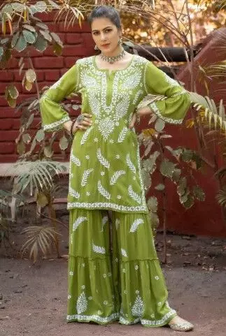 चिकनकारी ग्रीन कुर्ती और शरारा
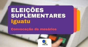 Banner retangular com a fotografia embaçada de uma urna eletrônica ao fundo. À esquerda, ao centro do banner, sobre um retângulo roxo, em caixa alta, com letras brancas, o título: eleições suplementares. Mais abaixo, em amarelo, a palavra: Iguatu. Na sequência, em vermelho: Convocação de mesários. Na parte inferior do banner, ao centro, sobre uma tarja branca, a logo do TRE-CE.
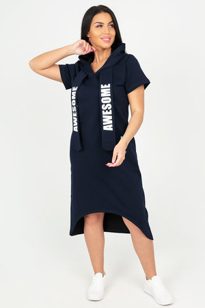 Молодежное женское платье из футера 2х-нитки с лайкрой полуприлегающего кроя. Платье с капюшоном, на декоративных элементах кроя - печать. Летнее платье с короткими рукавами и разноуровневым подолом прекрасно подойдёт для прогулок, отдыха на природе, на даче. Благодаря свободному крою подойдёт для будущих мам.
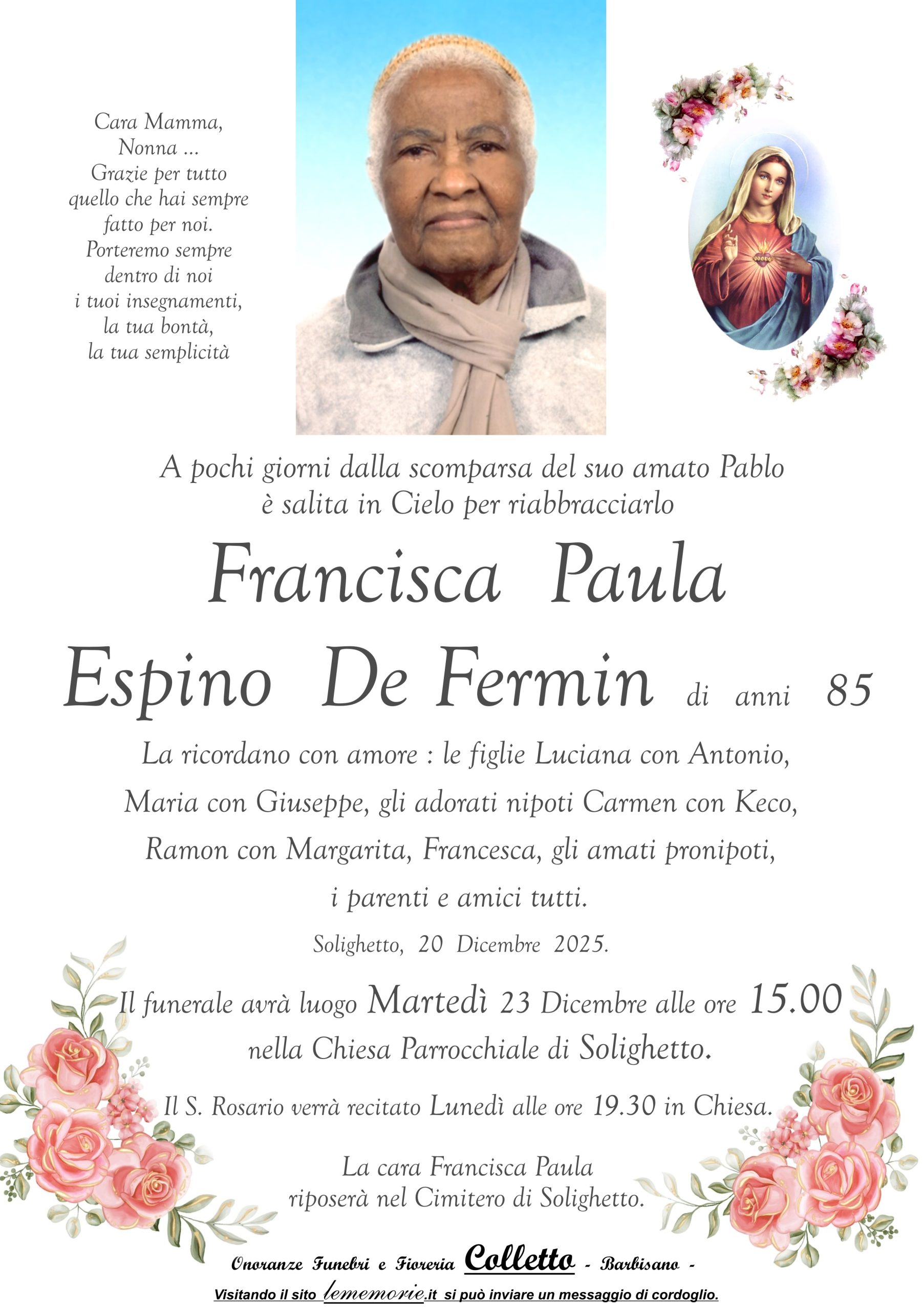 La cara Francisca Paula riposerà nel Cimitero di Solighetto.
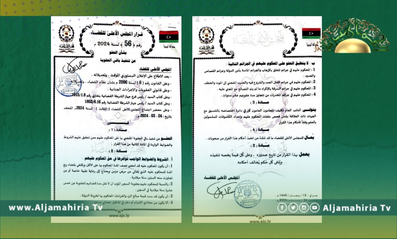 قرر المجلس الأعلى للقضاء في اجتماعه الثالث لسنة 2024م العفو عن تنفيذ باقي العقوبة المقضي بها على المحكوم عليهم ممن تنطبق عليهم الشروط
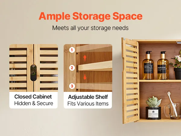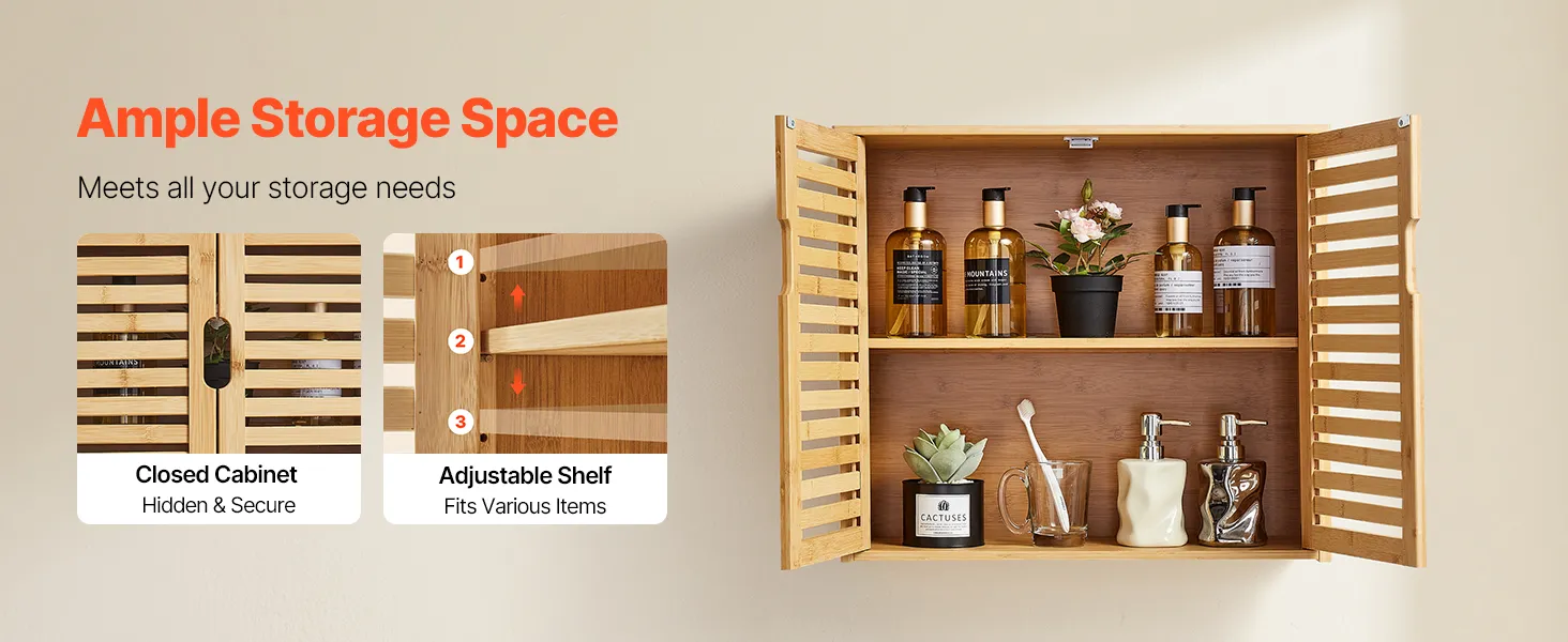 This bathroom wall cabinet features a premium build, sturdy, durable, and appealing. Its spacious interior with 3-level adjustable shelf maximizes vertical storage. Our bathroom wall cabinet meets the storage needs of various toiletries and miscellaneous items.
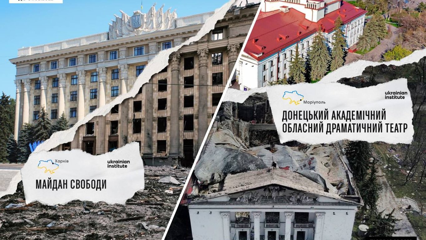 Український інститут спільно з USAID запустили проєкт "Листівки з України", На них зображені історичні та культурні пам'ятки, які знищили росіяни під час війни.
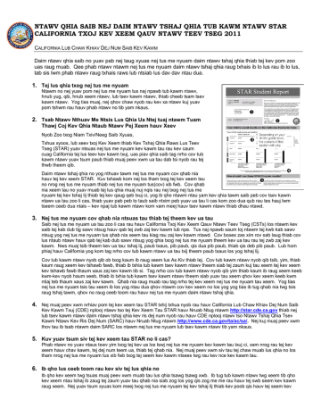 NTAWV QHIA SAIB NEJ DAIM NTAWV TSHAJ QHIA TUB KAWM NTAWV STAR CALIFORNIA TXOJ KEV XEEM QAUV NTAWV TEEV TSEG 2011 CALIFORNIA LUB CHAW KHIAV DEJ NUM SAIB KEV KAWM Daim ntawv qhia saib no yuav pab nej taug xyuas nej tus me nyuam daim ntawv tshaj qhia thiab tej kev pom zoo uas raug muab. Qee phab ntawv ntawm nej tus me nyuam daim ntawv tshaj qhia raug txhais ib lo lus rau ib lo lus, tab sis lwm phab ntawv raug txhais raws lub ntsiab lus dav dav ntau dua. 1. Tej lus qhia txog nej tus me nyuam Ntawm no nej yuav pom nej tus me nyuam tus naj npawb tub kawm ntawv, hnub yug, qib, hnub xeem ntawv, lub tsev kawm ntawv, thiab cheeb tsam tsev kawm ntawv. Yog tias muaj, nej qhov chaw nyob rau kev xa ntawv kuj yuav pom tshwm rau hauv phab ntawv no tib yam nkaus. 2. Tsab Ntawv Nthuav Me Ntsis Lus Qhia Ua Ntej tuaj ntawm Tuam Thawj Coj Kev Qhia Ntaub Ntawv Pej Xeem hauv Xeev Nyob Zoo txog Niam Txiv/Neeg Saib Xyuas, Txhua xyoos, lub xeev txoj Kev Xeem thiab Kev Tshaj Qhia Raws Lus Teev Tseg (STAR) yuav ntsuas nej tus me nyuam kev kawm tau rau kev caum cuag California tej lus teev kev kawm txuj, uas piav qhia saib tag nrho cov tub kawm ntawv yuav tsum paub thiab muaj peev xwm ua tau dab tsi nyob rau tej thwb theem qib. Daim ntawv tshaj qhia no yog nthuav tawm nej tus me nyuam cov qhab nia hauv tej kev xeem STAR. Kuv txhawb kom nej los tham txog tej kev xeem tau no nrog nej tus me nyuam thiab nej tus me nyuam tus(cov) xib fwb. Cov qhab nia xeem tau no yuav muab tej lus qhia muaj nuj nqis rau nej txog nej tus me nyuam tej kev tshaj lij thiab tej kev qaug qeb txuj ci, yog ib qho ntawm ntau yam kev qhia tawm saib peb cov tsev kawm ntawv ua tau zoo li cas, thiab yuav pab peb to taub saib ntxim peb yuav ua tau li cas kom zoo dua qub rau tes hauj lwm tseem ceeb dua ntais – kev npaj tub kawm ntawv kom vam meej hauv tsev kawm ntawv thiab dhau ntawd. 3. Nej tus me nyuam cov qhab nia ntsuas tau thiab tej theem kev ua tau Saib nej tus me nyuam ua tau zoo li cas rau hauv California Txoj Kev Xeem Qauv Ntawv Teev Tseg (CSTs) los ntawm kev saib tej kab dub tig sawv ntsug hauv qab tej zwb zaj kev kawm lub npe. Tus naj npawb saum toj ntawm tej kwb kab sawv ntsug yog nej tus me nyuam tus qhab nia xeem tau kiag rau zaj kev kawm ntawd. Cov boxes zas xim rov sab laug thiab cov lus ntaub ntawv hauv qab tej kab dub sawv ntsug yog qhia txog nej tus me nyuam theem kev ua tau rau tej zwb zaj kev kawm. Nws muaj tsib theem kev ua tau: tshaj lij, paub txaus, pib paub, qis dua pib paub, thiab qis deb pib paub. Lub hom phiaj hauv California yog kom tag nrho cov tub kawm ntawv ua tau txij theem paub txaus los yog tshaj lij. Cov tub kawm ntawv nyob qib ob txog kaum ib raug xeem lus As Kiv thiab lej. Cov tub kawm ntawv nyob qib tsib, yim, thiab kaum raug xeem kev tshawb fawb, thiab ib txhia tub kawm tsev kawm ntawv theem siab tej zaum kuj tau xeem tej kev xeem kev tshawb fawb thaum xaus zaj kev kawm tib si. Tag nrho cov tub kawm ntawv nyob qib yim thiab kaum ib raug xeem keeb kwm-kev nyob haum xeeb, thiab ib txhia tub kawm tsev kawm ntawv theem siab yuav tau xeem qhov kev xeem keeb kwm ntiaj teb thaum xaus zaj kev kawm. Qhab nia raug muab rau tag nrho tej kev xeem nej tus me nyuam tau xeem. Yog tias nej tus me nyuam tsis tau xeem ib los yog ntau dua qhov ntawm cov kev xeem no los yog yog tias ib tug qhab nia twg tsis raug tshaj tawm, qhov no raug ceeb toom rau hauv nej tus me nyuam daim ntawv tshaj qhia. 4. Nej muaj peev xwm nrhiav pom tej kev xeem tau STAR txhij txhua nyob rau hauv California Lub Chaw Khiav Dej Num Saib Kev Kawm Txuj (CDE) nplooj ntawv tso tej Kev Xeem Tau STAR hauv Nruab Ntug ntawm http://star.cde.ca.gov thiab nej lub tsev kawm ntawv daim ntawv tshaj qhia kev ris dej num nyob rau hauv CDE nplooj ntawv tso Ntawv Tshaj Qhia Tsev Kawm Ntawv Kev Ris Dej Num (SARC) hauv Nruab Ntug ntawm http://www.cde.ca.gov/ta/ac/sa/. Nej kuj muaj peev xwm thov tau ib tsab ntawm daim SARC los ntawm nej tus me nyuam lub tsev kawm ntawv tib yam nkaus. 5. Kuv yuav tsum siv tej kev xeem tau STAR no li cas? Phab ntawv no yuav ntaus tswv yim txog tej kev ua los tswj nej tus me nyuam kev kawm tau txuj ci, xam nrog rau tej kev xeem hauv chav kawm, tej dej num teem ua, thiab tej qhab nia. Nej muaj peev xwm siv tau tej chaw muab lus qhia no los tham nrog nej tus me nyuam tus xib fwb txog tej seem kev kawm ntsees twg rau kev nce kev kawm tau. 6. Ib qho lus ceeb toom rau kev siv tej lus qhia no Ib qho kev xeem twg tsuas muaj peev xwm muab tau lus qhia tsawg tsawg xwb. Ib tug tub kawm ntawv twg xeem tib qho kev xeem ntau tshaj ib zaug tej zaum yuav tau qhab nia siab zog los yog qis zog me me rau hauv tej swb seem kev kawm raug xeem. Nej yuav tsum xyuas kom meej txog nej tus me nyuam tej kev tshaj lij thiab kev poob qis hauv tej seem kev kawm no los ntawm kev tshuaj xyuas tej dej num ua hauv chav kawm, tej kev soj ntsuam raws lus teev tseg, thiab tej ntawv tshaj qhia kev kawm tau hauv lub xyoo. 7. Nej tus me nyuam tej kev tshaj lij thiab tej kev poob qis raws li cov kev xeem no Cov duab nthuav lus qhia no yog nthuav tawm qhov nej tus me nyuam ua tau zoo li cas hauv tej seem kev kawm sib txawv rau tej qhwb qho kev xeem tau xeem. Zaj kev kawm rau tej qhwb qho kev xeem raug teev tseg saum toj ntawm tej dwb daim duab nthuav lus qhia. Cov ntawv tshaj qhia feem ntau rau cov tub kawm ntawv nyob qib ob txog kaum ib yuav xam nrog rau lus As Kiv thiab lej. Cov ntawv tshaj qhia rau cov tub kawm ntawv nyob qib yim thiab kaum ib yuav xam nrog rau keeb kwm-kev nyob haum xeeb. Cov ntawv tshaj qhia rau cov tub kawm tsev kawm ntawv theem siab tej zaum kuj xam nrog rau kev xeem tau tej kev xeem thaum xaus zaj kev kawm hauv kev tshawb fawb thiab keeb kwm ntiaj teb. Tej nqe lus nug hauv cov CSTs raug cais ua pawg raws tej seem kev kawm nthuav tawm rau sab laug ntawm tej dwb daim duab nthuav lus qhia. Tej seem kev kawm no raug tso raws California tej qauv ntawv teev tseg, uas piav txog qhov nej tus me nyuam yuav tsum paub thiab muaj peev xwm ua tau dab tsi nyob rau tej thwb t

***

→ Exercise requirements
Look above for the line with "Banner retangular com" and copy exactly from it through the line with "Український інститут спільно", both included. Omit the pictures.

→ Result of the exercise
 Banner retangular com a fotografia embaçada de uma urna eletrônica ao fundo. À esquerda, ao centro do banner, sobre um retângulo roxo, em caixa alta, com letras brancas, o título: eleições suplementares. Mais abaixo, em amarelo, a palavra: Iguatu. Na sequência, em vermelho: Convocação de mesários. Na parte inferior do banner, ao centro, sobre uma tarja branca, a logo do TRE-CE.
 Молодежное женское платье из футера 2х-нитки с лайкрой полуприлегающего кроя. Платье с капюшоном, на декоративных элементах кроя - печать. Летнее платье с короткими рукавами и разноуровневым подолом прекрасно подойдёт для прогулок, отдыха на природе, на даче. Благодаря свободному крою подойдёт для будущих мам.
 La cara Francisca Paula riposerà nel Cimitero di Solighetto.
 قرر المجلس الأعلى للقضاء في اجتماعه الثالث لسنة 2024م العفو عن تنفيذ باقي العقوبة المقضي بها على المحكوم عليهم ممن تنطبق عليهم الشروط
 This bathroom wall cabinet features a premium build, sturdy, durable, and appealing. Its spacious interior with 3-level adjustable shelf maximizes vertical storage. Our bathroom wall cabinet meets the storage needs of various toiletries and miscellaneous items.
 Український інститут спільно з USAID запустили проєкт "Листівки з України", На них зображені історичні та культурні пам'ятки, які знищили росіяни під час війни.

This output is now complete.